**TASK OBJECTIVE**
Leaving out every picture, copy the lines of the material below exactly, from the line containing "Stackable Silver Rings" through the line containing "وأفاد المركز، أن".

**DATA TO USE**
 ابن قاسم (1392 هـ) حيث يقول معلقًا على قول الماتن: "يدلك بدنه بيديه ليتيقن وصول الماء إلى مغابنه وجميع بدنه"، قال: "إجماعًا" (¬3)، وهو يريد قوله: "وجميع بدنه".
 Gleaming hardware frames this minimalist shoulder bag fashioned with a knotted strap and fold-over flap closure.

...

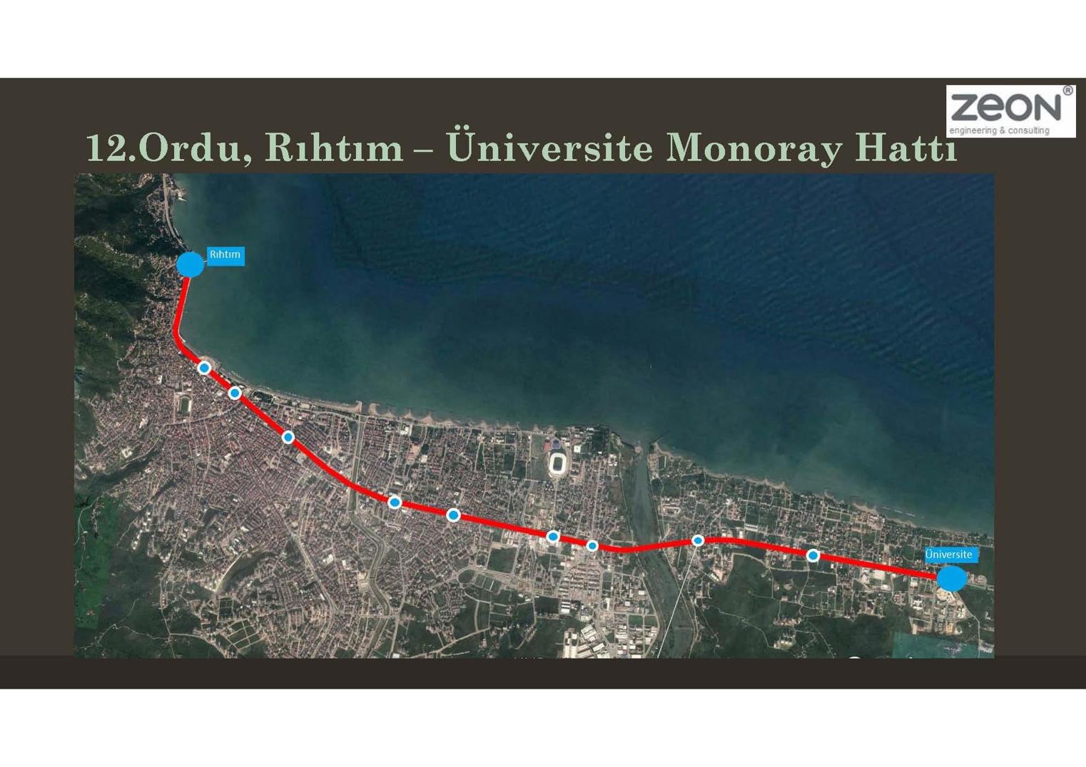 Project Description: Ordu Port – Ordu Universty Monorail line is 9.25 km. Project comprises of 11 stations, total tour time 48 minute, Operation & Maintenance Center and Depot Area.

--

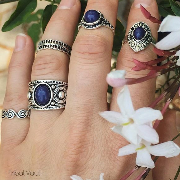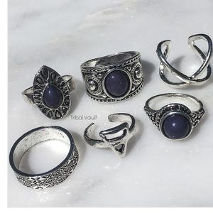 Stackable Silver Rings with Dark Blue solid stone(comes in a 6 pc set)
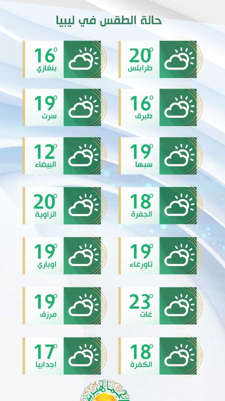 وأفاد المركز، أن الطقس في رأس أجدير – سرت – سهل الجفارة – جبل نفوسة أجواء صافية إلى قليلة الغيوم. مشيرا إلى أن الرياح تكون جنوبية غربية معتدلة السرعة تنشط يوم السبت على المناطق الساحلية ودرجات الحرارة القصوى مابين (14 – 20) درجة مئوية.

**WRITTEN RESPONSE**
 Stackable Silver Rings with Dark Blue solid stone(comes in a 6 pc set)
 وأفاد المركز، أن الطقس في رأس أجدير – سرت – سهل الجفارة – جبل نفوسة أجواء صافية إلى قليلة الغيوم. مشيرا إلى أن الرياح تكون جنوبية غربية معتدلة السرعة تنشط يوم السبت على المناطق الساحلية ودرجات الحرارة القصوى مابين (14 – 20) درجة مئوية.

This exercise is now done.